Task details:
Retype nothing but the lines from the start of the material up to and including the line with "Randtegel in tinglazuur, voorstellende". Pictures don't belong in the copy.
··· Dataset extract ···
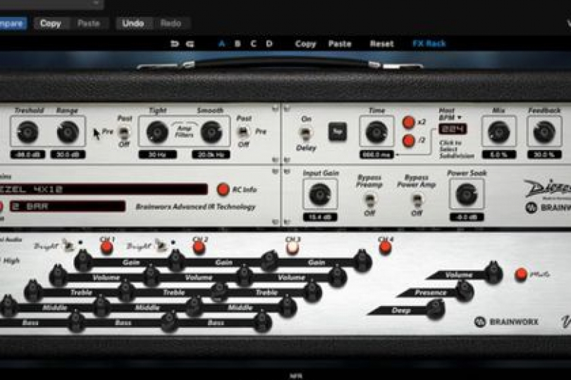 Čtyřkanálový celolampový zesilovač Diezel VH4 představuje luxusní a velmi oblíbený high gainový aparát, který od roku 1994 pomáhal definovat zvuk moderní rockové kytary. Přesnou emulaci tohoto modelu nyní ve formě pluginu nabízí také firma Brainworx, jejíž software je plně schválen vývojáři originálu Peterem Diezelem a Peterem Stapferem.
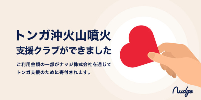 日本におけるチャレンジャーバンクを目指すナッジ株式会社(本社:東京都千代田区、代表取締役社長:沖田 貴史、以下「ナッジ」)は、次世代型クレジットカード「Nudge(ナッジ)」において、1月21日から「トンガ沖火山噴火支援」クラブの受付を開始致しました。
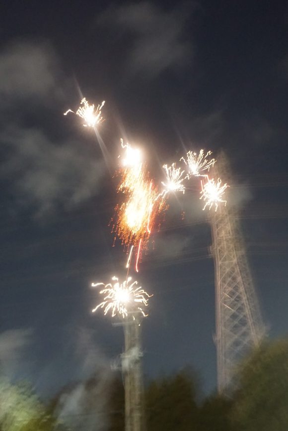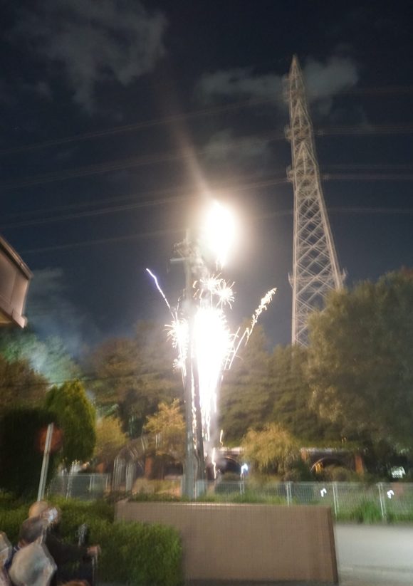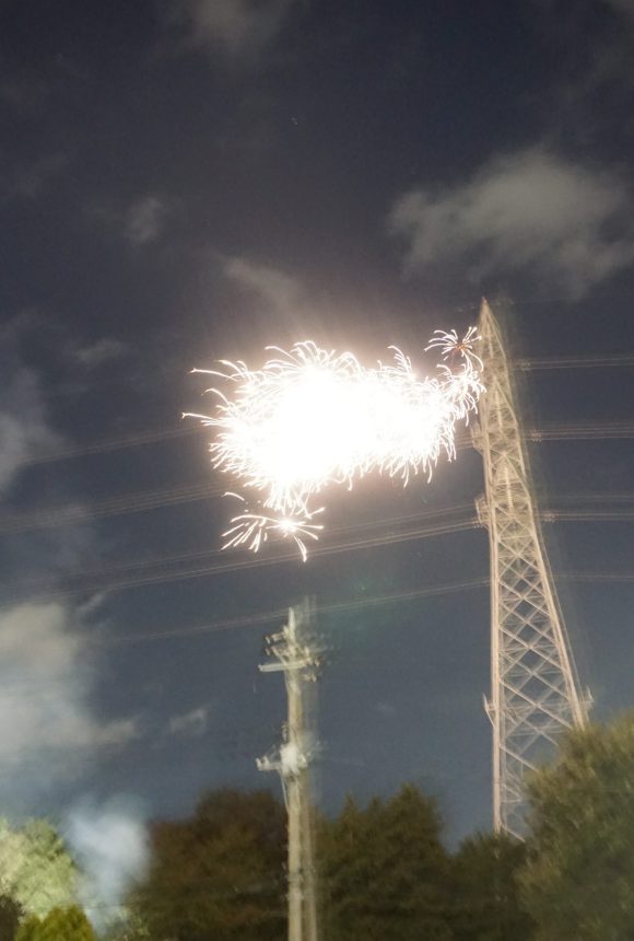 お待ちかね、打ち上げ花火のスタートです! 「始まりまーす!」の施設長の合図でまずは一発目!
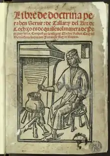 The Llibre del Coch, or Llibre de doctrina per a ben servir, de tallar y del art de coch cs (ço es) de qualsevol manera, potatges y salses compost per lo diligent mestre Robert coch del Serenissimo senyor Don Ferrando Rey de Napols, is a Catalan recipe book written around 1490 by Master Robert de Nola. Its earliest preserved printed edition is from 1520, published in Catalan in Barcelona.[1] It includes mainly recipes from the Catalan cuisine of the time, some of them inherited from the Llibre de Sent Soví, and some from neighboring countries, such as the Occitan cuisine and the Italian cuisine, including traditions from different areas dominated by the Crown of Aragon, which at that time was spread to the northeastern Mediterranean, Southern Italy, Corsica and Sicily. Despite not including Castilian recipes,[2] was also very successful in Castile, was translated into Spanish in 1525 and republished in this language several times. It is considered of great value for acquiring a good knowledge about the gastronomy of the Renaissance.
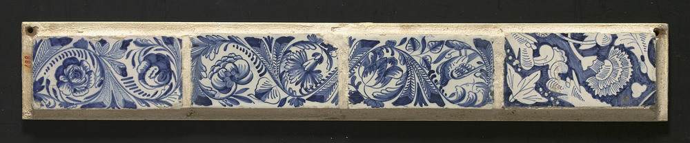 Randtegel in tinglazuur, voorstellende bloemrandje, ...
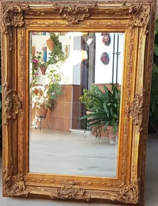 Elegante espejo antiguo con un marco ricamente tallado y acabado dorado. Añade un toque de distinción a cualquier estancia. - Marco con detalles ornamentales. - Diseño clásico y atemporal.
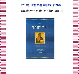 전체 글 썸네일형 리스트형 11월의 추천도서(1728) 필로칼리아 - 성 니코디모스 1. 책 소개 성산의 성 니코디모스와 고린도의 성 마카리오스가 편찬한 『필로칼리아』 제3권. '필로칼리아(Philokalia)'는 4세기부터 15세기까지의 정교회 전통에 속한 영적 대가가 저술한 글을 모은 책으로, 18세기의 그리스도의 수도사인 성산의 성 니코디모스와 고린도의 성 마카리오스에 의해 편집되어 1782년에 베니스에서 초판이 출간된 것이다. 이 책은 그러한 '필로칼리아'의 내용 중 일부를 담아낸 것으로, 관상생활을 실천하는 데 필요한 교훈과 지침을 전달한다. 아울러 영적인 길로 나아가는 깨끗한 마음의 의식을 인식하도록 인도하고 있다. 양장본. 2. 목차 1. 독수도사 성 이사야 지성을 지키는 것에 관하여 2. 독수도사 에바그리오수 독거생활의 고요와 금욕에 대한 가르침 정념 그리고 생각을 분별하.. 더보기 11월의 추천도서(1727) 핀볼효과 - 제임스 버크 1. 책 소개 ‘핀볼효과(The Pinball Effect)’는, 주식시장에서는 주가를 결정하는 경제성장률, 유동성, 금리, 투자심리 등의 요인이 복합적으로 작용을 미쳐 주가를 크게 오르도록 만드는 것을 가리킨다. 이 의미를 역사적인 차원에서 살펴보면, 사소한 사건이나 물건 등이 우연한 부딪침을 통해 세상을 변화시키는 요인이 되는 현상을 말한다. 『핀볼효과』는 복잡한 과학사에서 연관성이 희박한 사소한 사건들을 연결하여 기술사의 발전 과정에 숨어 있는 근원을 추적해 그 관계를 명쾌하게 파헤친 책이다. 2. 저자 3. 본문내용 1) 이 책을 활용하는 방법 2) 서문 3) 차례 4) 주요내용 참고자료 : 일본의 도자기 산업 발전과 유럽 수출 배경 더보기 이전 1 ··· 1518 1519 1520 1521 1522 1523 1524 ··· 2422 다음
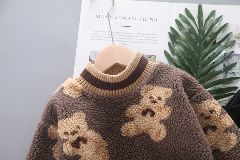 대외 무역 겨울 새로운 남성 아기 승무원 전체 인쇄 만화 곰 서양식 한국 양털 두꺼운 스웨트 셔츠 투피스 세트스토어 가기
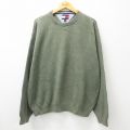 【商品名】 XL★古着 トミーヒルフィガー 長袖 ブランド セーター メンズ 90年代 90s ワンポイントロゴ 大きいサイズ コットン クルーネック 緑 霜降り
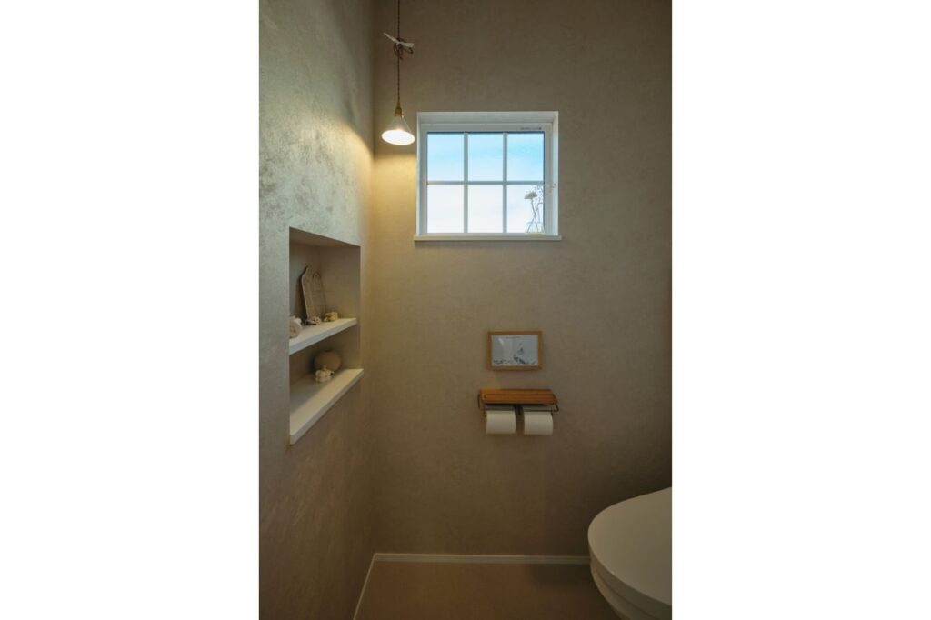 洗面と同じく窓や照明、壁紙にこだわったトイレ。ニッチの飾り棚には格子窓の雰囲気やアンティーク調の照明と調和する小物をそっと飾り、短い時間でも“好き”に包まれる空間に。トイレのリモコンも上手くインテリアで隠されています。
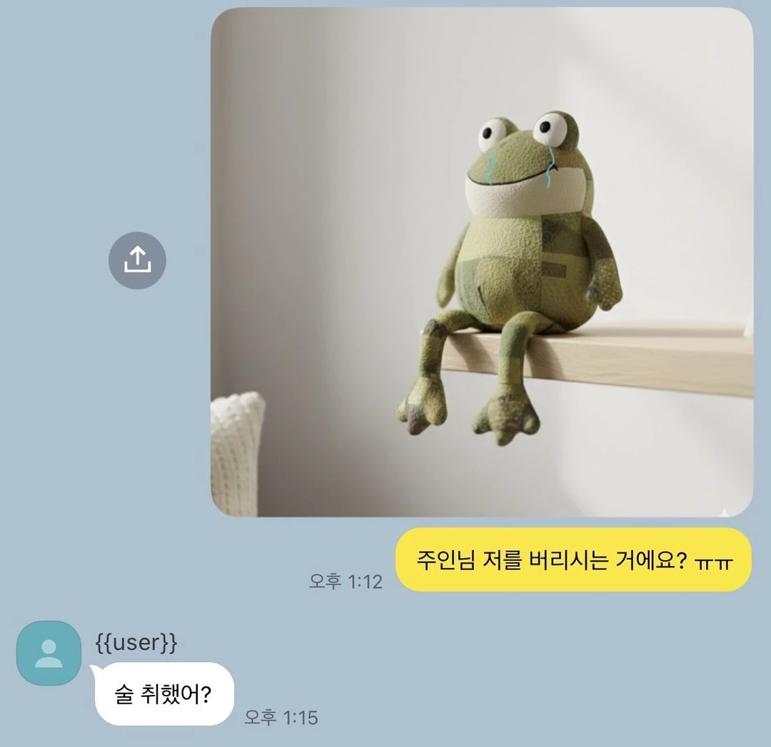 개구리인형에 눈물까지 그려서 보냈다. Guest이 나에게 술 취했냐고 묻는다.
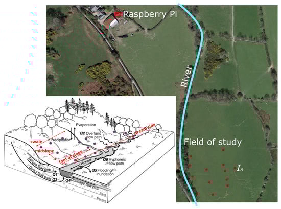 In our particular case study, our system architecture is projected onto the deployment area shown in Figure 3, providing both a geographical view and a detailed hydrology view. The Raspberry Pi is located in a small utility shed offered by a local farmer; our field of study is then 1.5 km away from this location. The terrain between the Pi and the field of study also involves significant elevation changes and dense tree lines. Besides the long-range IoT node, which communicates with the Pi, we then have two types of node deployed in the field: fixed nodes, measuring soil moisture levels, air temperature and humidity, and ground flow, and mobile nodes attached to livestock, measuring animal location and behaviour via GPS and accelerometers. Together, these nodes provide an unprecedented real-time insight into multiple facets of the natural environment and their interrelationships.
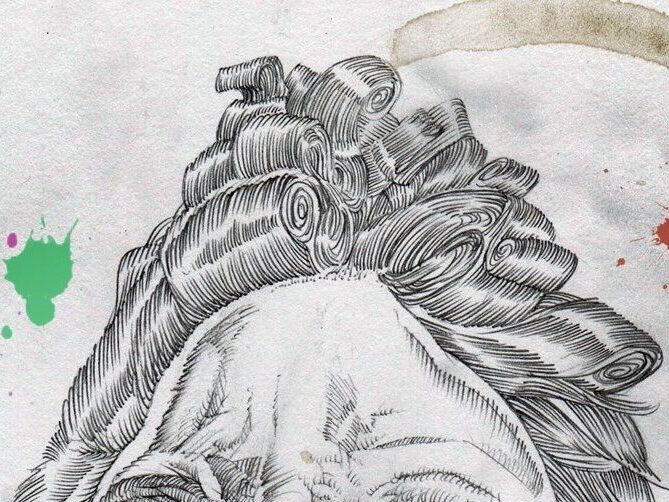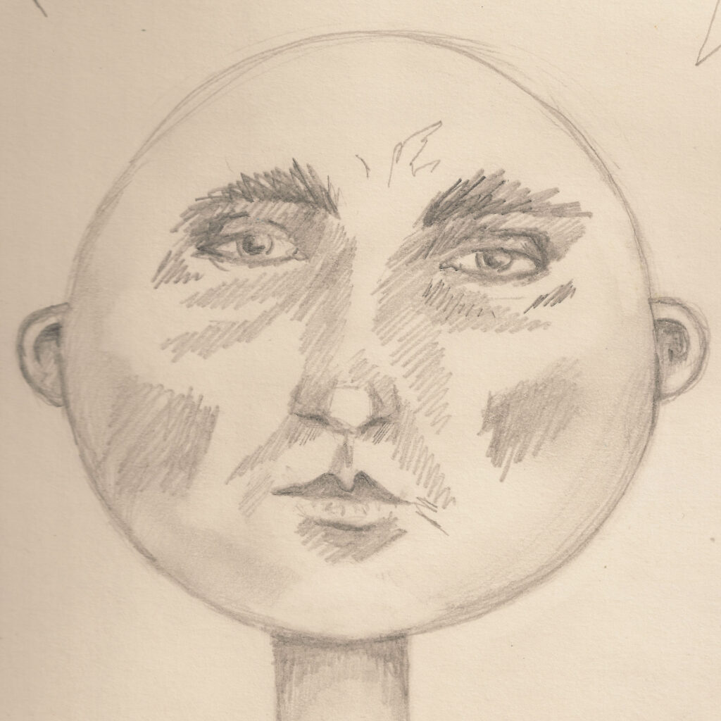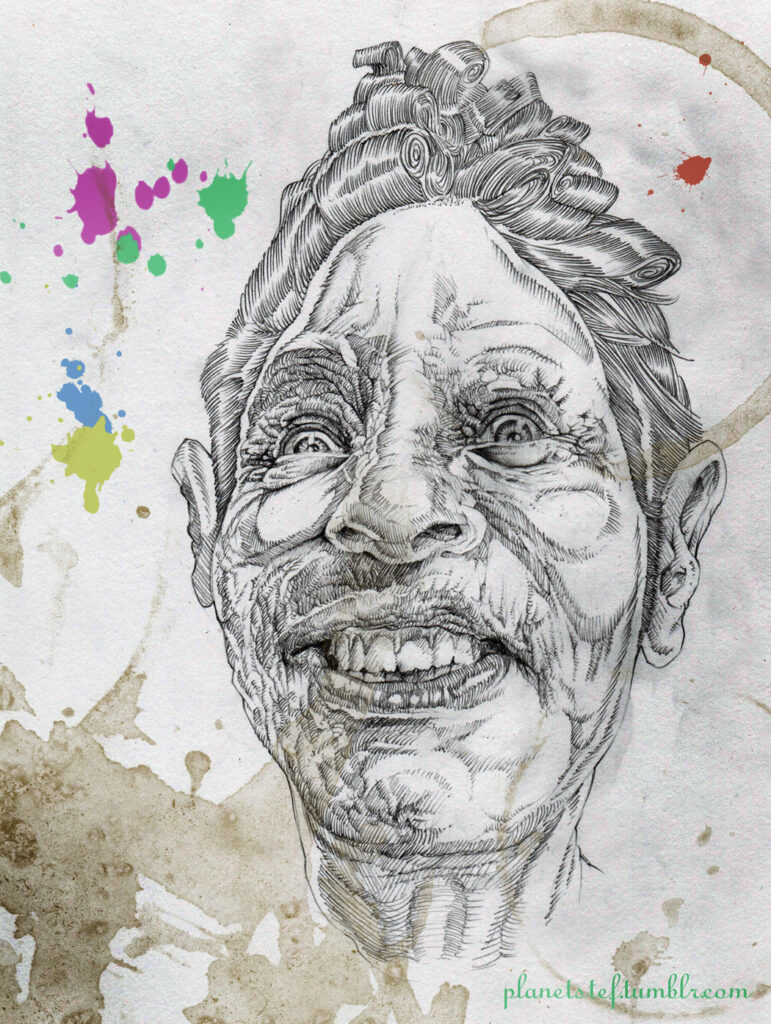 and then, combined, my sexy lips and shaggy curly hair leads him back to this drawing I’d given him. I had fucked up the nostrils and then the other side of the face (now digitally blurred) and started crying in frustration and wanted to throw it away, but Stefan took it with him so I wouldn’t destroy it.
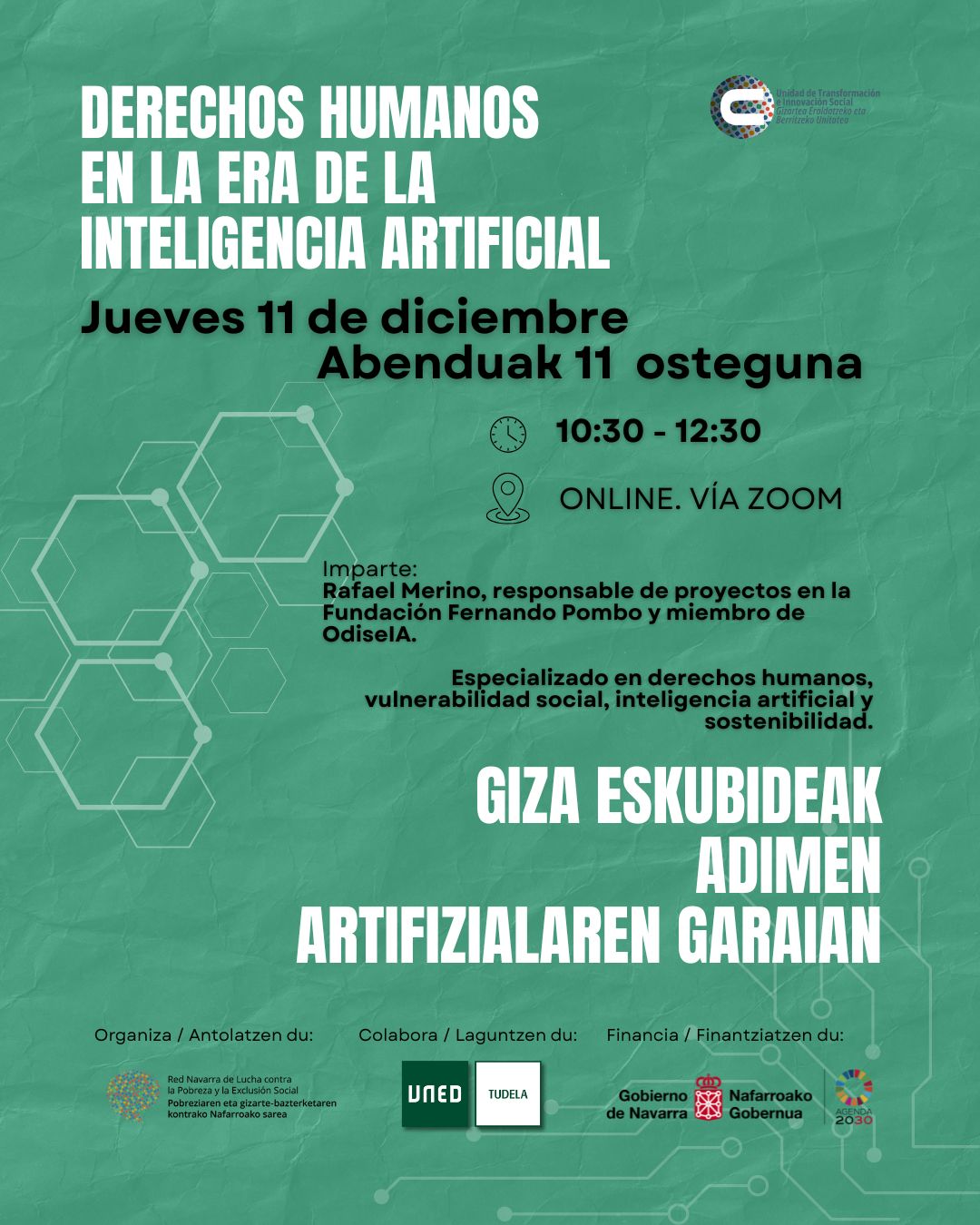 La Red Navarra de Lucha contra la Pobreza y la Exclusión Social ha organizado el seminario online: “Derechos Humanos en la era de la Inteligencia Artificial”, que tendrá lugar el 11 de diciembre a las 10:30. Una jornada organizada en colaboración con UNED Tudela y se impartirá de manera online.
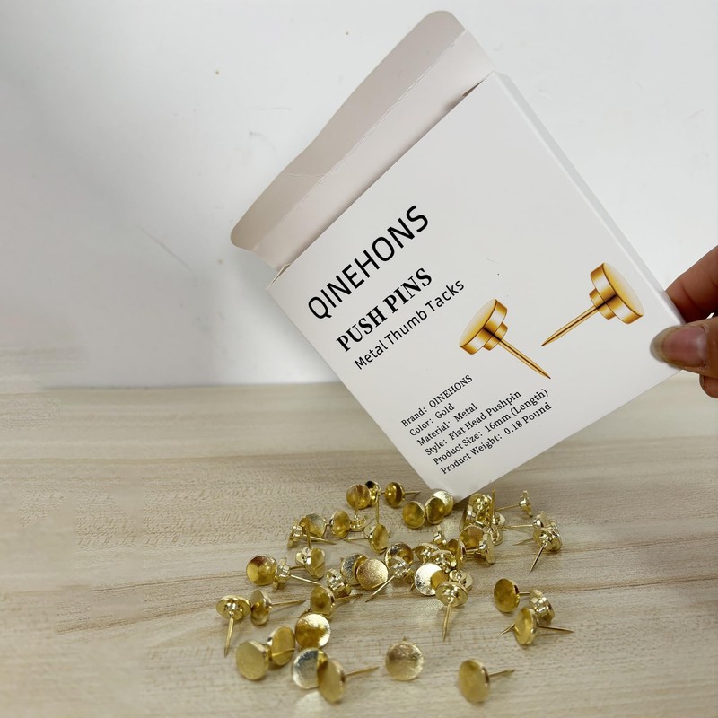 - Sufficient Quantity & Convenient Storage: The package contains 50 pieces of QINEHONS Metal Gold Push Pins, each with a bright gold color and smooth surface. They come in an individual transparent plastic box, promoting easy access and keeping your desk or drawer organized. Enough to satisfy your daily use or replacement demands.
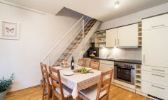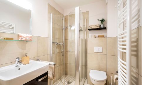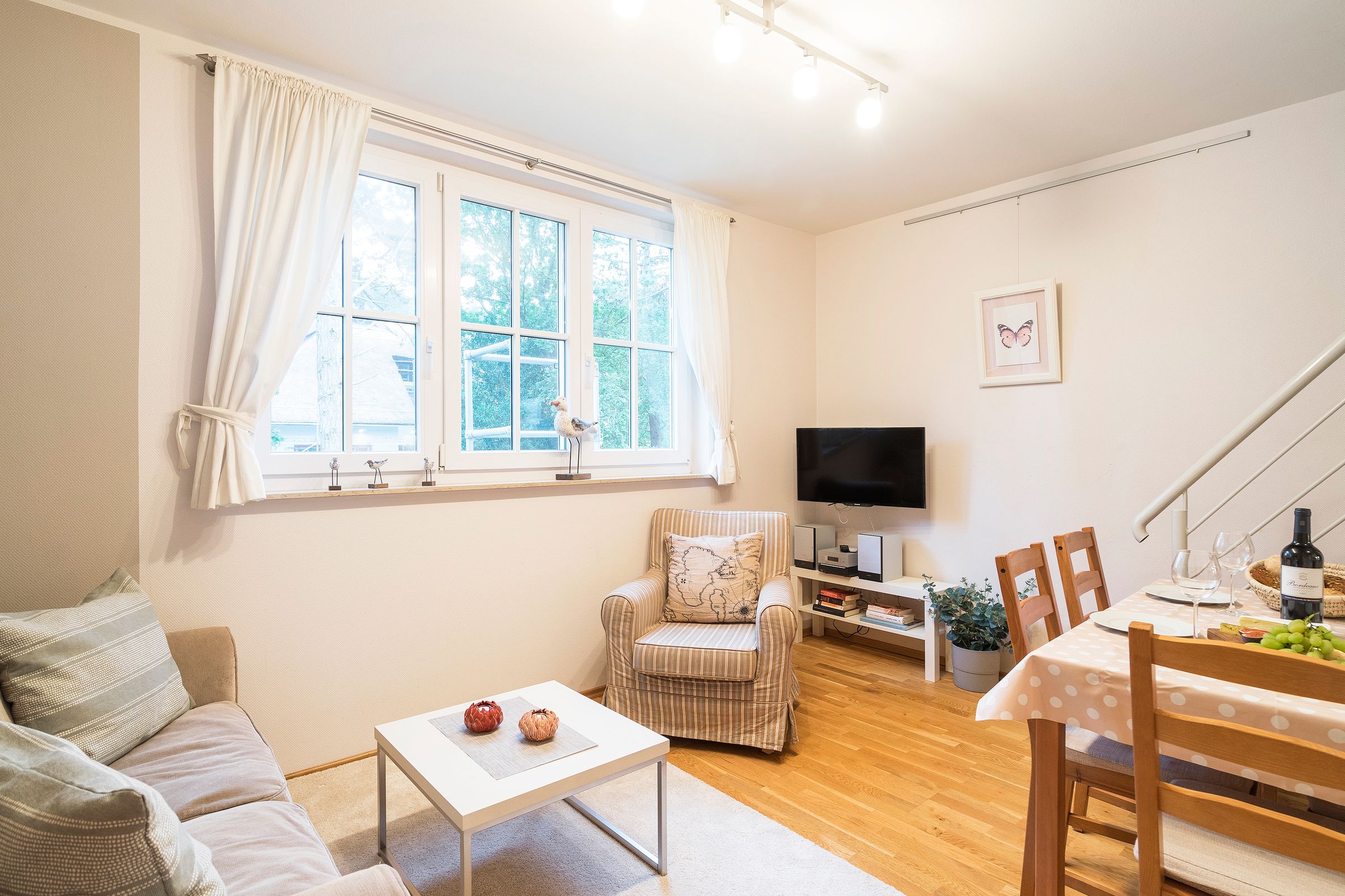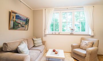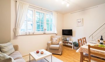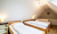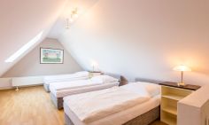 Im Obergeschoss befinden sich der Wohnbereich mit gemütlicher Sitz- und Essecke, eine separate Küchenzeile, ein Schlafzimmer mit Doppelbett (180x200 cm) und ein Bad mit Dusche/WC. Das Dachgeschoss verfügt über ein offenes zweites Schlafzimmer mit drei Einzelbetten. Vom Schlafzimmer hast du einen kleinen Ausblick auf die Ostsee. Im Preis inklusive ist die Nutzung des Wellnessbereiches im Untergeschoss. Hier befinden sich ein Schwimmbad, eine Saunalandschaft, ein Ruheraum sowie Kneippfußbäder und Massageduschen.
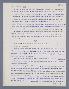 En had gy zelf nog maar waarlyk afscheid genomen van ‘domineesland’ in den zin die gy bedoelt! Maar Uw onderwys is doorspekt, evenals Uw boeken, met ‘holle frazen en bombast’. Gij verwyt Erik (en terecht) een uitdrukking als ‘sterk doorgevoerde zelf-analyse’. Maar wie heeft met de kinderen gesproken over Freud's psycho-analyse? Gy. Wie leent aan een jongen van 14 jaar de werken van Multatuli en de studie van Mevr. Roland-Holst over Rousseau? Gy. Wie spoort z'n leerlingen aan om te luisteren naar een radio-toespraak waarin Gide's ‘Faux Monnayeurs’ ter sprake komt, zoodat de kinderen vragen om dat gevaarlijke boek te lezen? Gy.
···
Result below:
 Čtyřkanálový celolampový zesilovač Diezel VH4 představuje luxusní a velmi oblíbený high gainový aparát, který od roku 1994 pomáhal definovat zvuk moderní rockové kytary. Přesnou emulaci tohoto modelu nyní ve formě pluginu nabízí také firma Brainworx, jejíž software je plně schválen vývojáři originálu Peterem Diezelem a Peterem Stapferem.
 日本におけるチャレンジャーバンクを目指すナッジ株式会社(本社:東京都千代田区、代表取締役社長:沖田 貴史、以下「ナッジ」)は、次世代型クレジットカード「Nudge(ナッジ)」において、1月21日から「トンガ沖火山噴火支援」クラブの受付を開始致しました。
 お待ちかね、打ち上げ花火のスタートです! 「始まりまーす!」の施設長の合図でまずは一発目!
 The Llibre del Coch, or Llibre de doctrina per a ben servir, de tallar y del art de coch cs (ço es) de qualsevol manera, potatges y salses compost per lo diligent mestre Robert coch del Serenissimo senyor Don Ferrando Rey de Napols, is a Catalan recipe book written around 1490 by Master Robert de Nola. Its earliest preserved printed edition is from 1520, published in Catalan in Barcelona.[1] It includes mainly recipes from the Catalan cuisine of the time, some of them inherited from the Llibre de Sent Soví, and some from neighboring countries, such as the Occitan cuisine and the Italian cuisine, including traditions from different areas dominated by the Crown of Aragon, which at that time was spread to the northeastern Mediterranean, Southern Italy, Corsica and Sicily. Despite not including Castilian recipes,[2] was also very successful in Castile, was translated into Spanish in 1525 and republished in this language several times. It is considered of great value for acquiring a good knowledge about the gastronomy of the Renaissance.
 Randtegel in tinglazuur, voorstellende bloemrandje, ...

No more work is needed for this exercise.